Tuesday, May 04, 2004

Charlene

I lay awake at night worrying. I never worry about life, and I never worry about death. I never worry about my friends, and I never worry about my family. I never worry about love, hate, joy, sadness, or any of the other emotions that rule our lives. I lay awake at night, and I worry about my computer.

What would happen to me if I ever lost my computer? Losing the data inside of my computer is one thing. I'd have to reinstall all of my favorite programs, convert all of my music from compact disc to electronic data. It would be an incredibly time-consuming process, and I'd never again reach the level of advancement I had obtained before the erasure. Losing the computer itself, however, is another thing altogether. My computer and I have been through more together than I have been through with any of my friends. My computer has sat bravely and faithfully by my side through numerous breakups, countless family crises, and the dissolutions of dozens of good friendships. My computer wakes up with me in the morning, wipes itself clean as I shower, and falls asleep with me as well. My computer is my best friend.

As I stare at the bars above my bed, I worry about my computer. Do I use it too much? Will it wear out before I do, leaving me to die lonely and alone? Do I treat my computer the way it deserves to be treated? My computer is my baby. There is nothing I would do to hurt my computer. I've named her Charlene.

Once, while I was staring at the bottom of the top bunk at night, all new worries started forming in my brain. Was my computer sick? Was my computer infected with a bug, sending my personal information to advertising companies and selling me out like a mob rat? Or worse, did my computer have a virus? Was Charlene dying because of my neglect? Would my attention and love alone allow my computer to recover and heal properly? I threw my covers off of my body and rushed to Charlene, running the virus protector for the fifth time in as many hours.

I've stopped worrying about my computer. I have bigger problems now. I've never been much of a gamer. A little Pong here, a little Tetris there, sure, but nothing freakish or obsessive. Nothing freakish or obsessive, that is, until Charlene showed me the way, the truth, and the light. Since that fateful day, I've been playing Minesweeper nonstop. I refuse to go to bed at night until I defeat three expert-level games in a row within a five-minute time frame. Occasionally, I get to my bed around four in the morning. More likely, however, are the nights that I just don't go to bed at all. There's no way I can sleep without beating three consecutive games of Minesweeper in five minutes. I've tried--my brain won't let me. It's gotten to the point where I sit in my chair weeping, holding the computer mouse with my right hand and my aching right wrist in my left, feeling unmotivated to finish but knowing I'll be in agony if I don't. I've taken to motivating myself by placing high-stakes wagers with my brain.

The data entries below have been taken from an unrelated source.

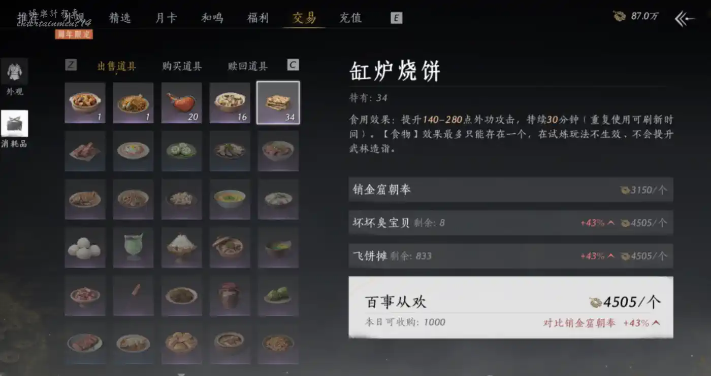 獲取足夠多的材料後,我們就可以來到百業商店去買燒餅了,一個最高要4505。每天刷滿,這比涮魚的價格要高很多,還是非常香的。
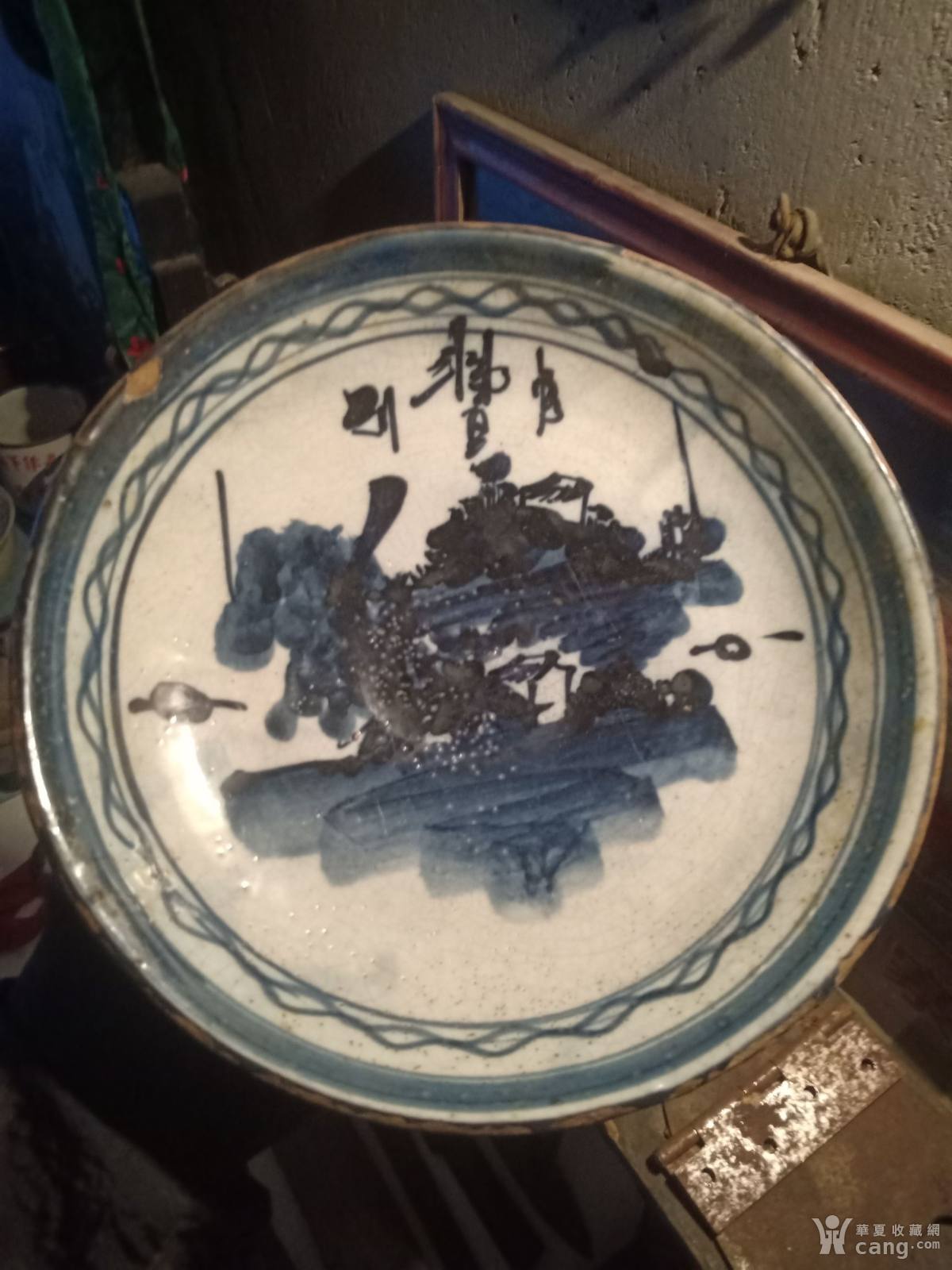 明清时期老窑风景铭文大盘一个
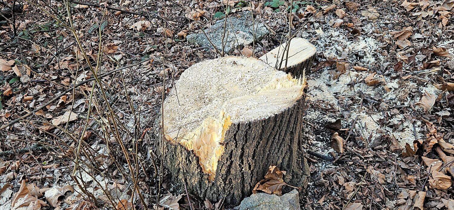Po zdravých stromech stojících i zcela mimo budoucí zástavbu dětského krizového centra Pluto zůstaly jen pařezy. (19. března 2025)
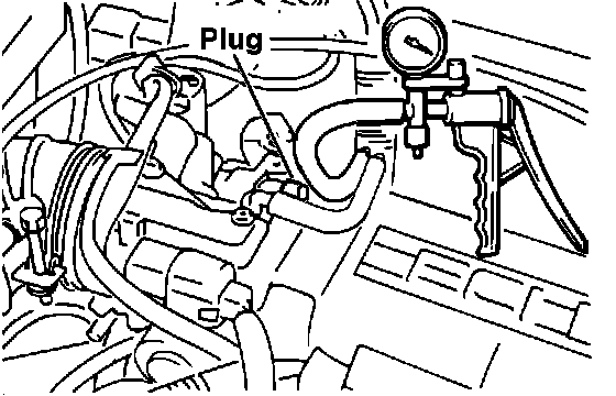 1. Disconnect the red striped vacuum hose from the throttle body and connect a hand vacuum pump to the hose and plug the nipple.
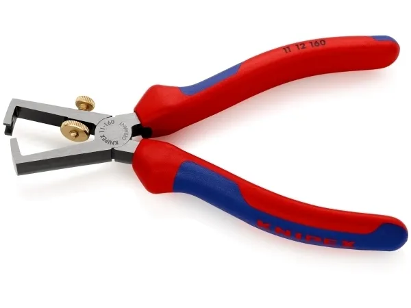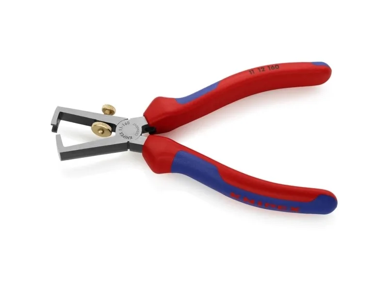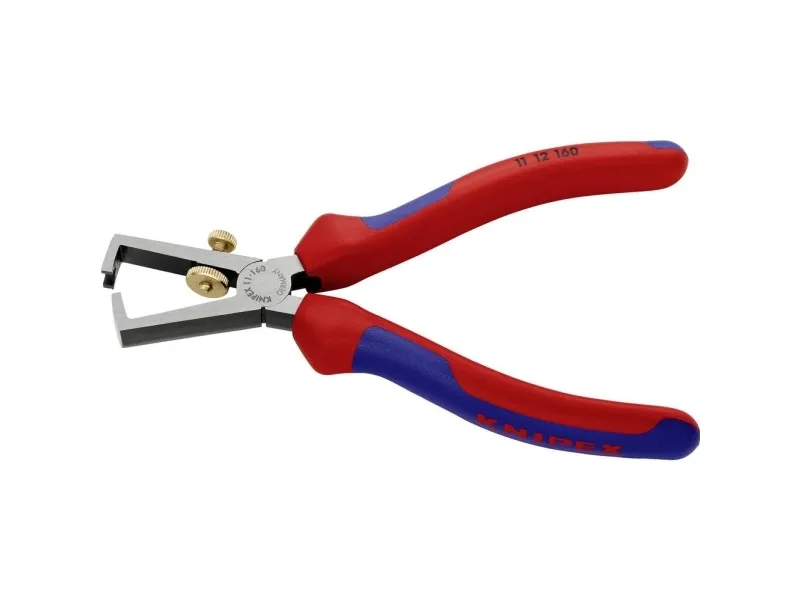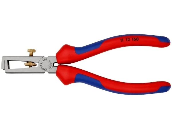 11 12 160 Afisoleringstang Til en-, fler- og fintrådede ledere med kunststof- eller gummiisolering med max. Ø 5,0 mm eller 10 mm² ledertværsnit. Let at indstille på den ønskede tråd- eller kabeldiameter pga. fingerskrue og kontramøtrik.
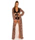 Upeasti laskeutuvaa materiaalia oleva leopardi rantakimono on täyspitkä, ihan maahan asti (itse olen 168cm M-kokoa). Yllätyksekseni leopardikuosista ei oikeastaan näy läpi vaikka kangas on kevyt. <br /> Hihansuissa kauniit kiristykset. Kimonossa ei ole edessä kiinnitysmekanismia ja se onkin tarkoitettu avoimeksi mukana tulevan samaa kuosia olevan vyön kanssa käytettäväksi.
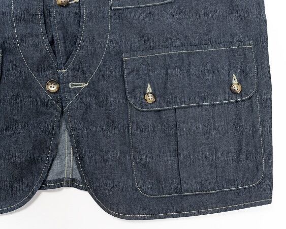 素材にはコットン100%のインディゴデニムを使用。ライトアウターに使われるくらいのデニムなので極端にメリハリある色落ちにはならないですが、洗いこんで落ち着いた雰囲気の色落ち具合が良い雰囲気になりそうです。
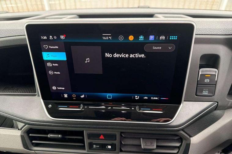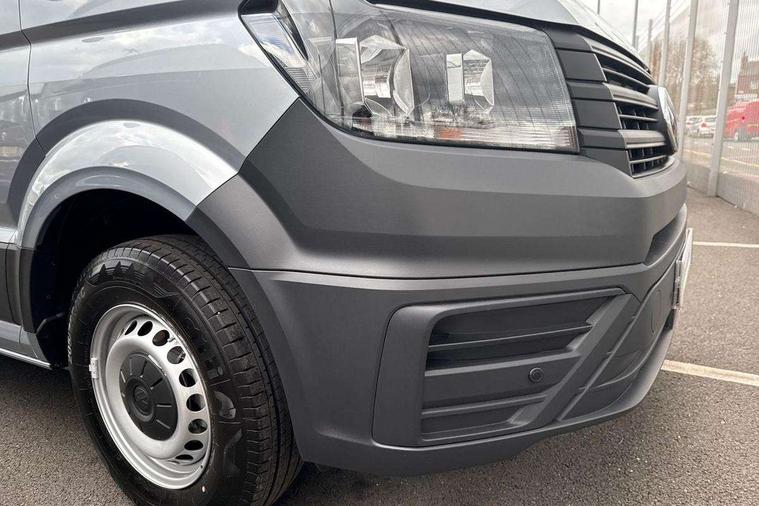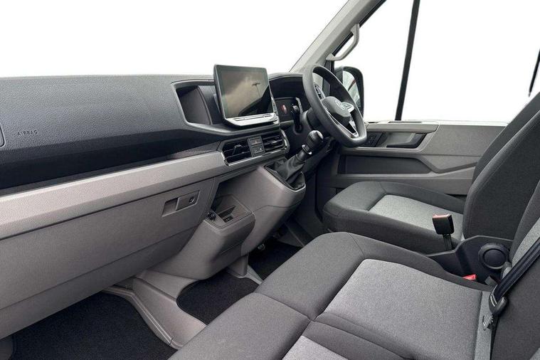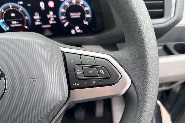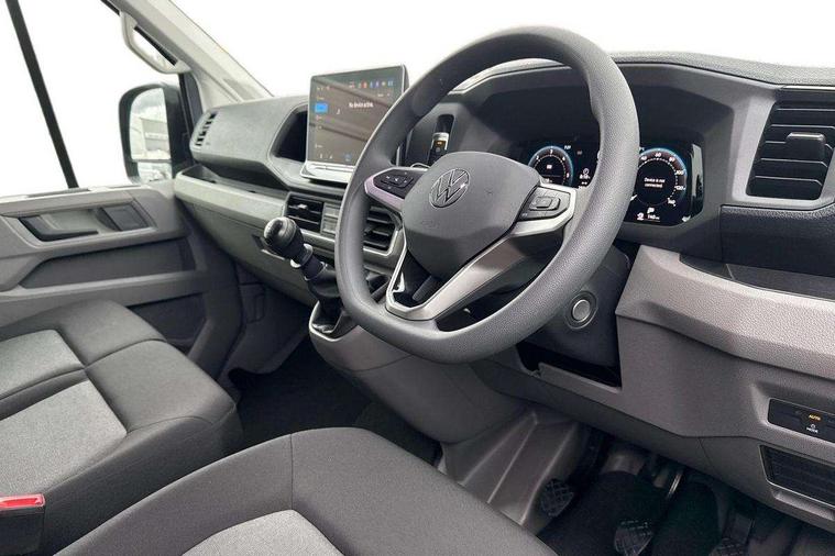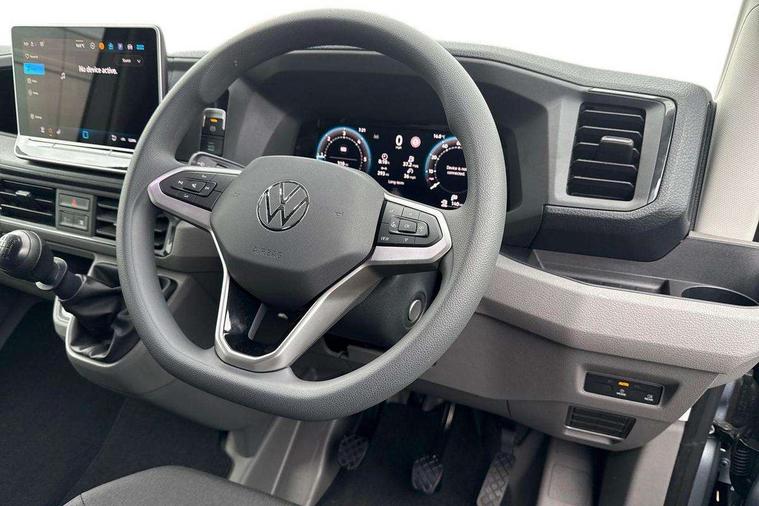 Advanced driver attention and drowsiness monitor, Blind spot monitor, Bluetooth, Digital clock, Digital cockpit with active Info display, Dynamic road sign display, E-call + We connect basic preparation, Forward collision warning with warning and braking reaction to vehicles, pedestrians and cyclists, Front assist including city emergency braking, Instrument cluster, Lane keeping assist, Lights on warning buzzer, Locking fuel cap, Rev counter, Roof console for interior lighting control, Service indicator, Speedometer, USB socket at top of windscreen, Wireless charging, 2 USB C ports in dashboard, DAB Radio, Auto low beam mode, Leaving home function and manual coming home function, Black unpainted plastic front bumper, Cab doors, Convex and wide angle mirror, Driver seatbelt warning light, Electric windows, Heat insulating glass, Indicators in front door mirrors, One towing eye in front, Rear badges, Special identification plate, Touch panel control for exterior lights, Unpainted radiator grille, Windscreen wiper auto control with light and rain sensor, Air recirculation system, Ashtray, Centre console storage tray, CFCU preparation, Charcoal filter, Document holder on centre console, Drinks holders, Electromechanical Servotronic steering, Electronically controlled heating system, Fully adjustable suspension type driver seat, Height adjustable head restraints, Height and reach adjustable steering wheel, Illuminated glove compartment with lockable lid, Interior light, including 2 reading lights, Interior light, switchable by door, Jack and tool kit, Preparation for interface for external use with terminal block, Storage compartments in doors and in step, right, Storage tray on dashboard, Two 12V outlets in the cab (in the dashboard), Without rear side trim panel passenger load compartment, Non-smokers pack - Crafter, 3 point inertia reel belt on all seats, Automatic hazard light with emergency braking, Crosswind assist, Driver and front passenger airbag with front passenger airbag deactivation, Height adjustable seatbelts for outer cab seats, 1 rigid key, Central locking system with Keyless Go without SAFELOCK entry - Keyless entry and start, Engine immobiliser, ABS, Automatic post collision braking system, EBA, EBD, EDL, Electronic parking brake - hill hold control, ESP, Front disc brakes, HBA, Hill start assist, Start and stop system with regenerative braking, TCS, Hub cap covers,
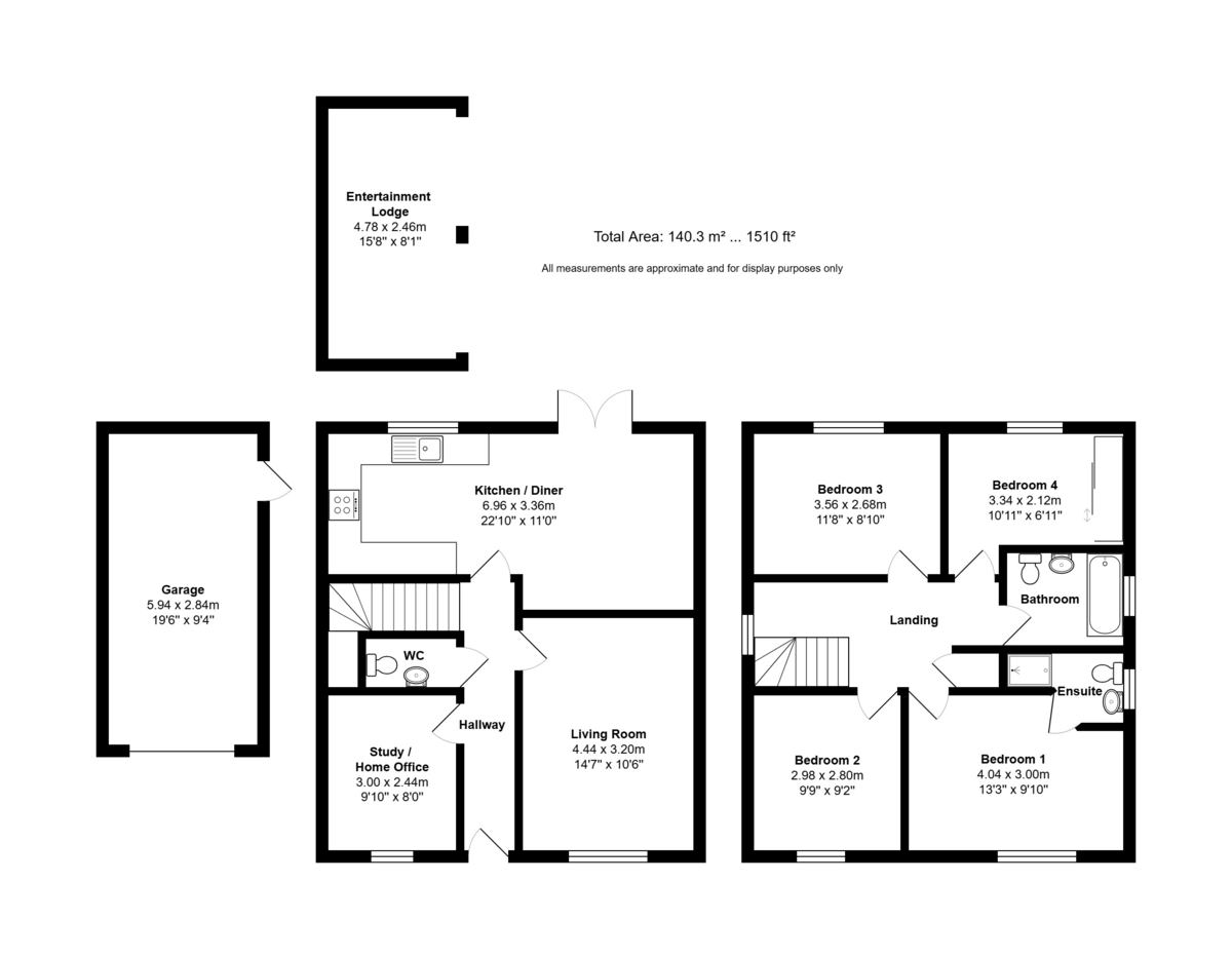 PROPERTY SUMMARY A modern, four bedroom detached family home which is situated in an attractive development of similar style homes. No.3 has 1203 sq ft of living space arranged over two floors and comprises; study, 14' living room, cloakroom and 22' kitchen/dining room on the ground floor with four bedrooms, the primary one having an en-suite shower room and family bathroom on the first floor. To the front is a garden and garage with off road parking, to the rear is an established enclosed garden with a detached entertainment lodge. The property is offered with the remaining six years of an NHBC certificate, double glazing, solar panels, gas fired central heating, side pedestrian access and no forward chain. Situated in the heart of Denmead, a village which is next to the Forest of Bere and rural farmland, the village still holds its village feeling with a chemist, vet, barbers and hardware store, there are two schools, Denmead Infant and Junior and King George's Field where the village cricket, football, tennis and bowls clubs are based. Early internal viewing is strongly recommended in order to appreciate both the accommodation and location on offer.
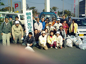 第9回「朝倉川530大会」。「朝倉川を守る会」も14人が参加し、「御園橋」と「御弓橋」までを商工会婦人部や地元町内会の三団体で受け持った。
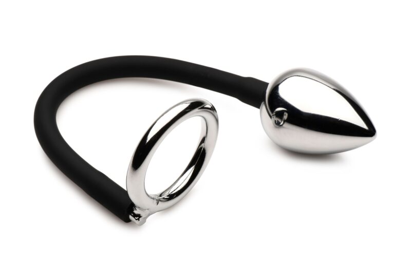 De taps toelopende punt van de plug maakt het inbrengen eenvoudig, terwijl de gladde aluminiumlegering, met behulp van wat glijmiddel, soepel naar binnen glijdt. De plug is verbonden met een siliconenkoord, aan het einde waarvan zich een ijzeren ring bevindt. Deze ring glijdt over je erectie en fungeert als een C-ring, zodat je langer kunt doorgaan, harder blijft en meer geniet, zelfs terwijl je prostaat wordt gestimuleerd door de anaal plug.
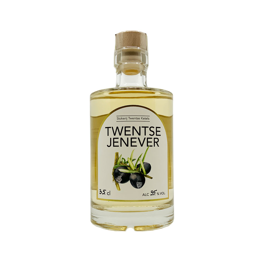 De geur van houtwallen in het Twentse coulissenlandschap en van verse jeneverbessen van Haaksbergse wakels. Het gevoel van het lopen tussen heidevelden aan de ene kant en hoogveenvennetjes aan de andere kant van de zandweg. Dat krijg je allemaal helemaal voor niets bij het drinken van Twentse Jenever. Twentse Jenever van Stokerij Twentse Ketels is gemaakt van 100% zelfgestookte moutwijn en met handgeplukte versgeoogste jeneverbessen uit Het Lankheet, Haaksbergen. In 2020 zaten de wakels vol bessen die, alhoewel klein, een zeer geconcentreerde smaak hebben. We maakten er een mooie oude jenever (volgens de klassieke receptuur) van op ambachtelijke wijze op onze koperen ketels. We kozen dit keer voor een alcoholpercentage van 35%, omdat daarbij de smaakbeleving, bij de gekozen combinatie van botanicals, optimaal bleek.
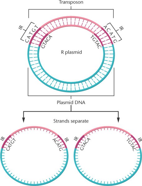 A transposon inserted into a plasmid contains inverted repeats (IR) that can form a heteroduplex after the original strands separate.
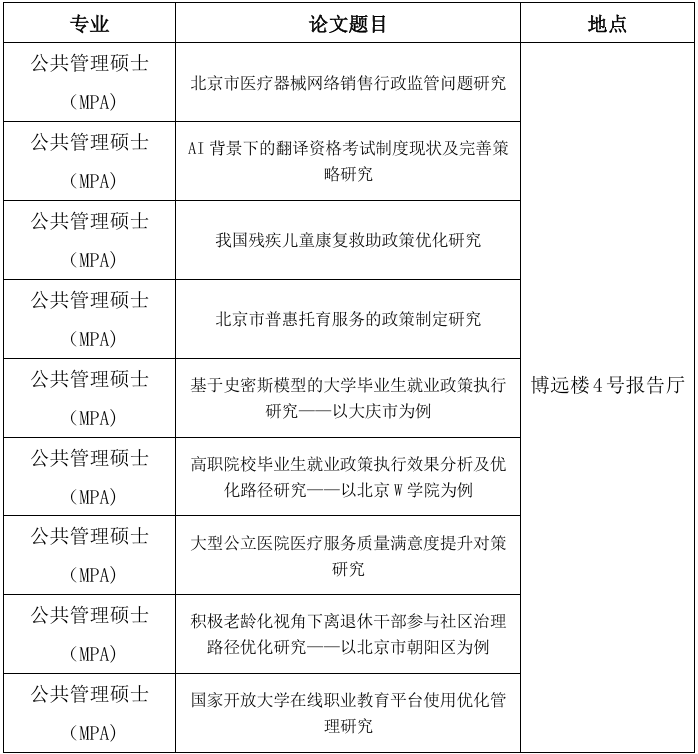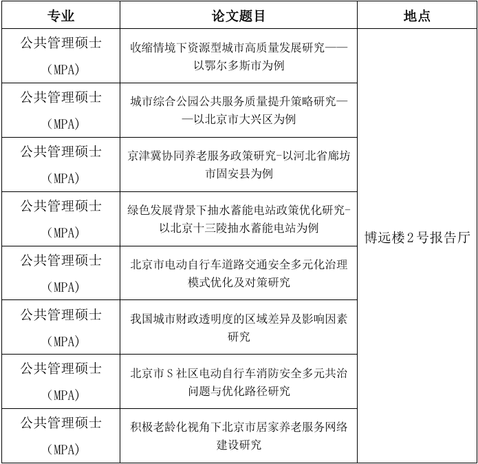 硕士学位论文答辩公告(MPA)

To start off, I told myself that if I didn't finish Minesweeper by three in the morning, I would have to donate a quarter of my next paycheck to charity. I didn't get to sleep that night, but I honored my bet. The American Heart Association became twenty five dollars richer. The stakes kept rising and rising--from twenty-five percent to thirty; thirty to forty; forty to sixty; sixty to ninety--until eventually, monetary stimulii didn't work. I had to start promising my brain that I would inflict pain upon myself. Seven deep cuts and three visits to the State Hospital later, the pain of self-mutilation was no longer a functional motivator. There was only one bet left for me to make. I wagered my own life that I would be able to finish Minesweeper by four in the morning. Come four thirty, I was still going strong. Suicide seems a harsh punishment for losing a game, but nevertheless, I am a man of my word.

I am laying on my bed tonight, and I am unable to sleep. What will happen to my computer once I'm gone? Will she go out with the trash, discarded much like I will be? Will she be passed on to a new friend? If so, will she be treated kindly, or will she be abused? I lay awake at night, and I worry about my computer.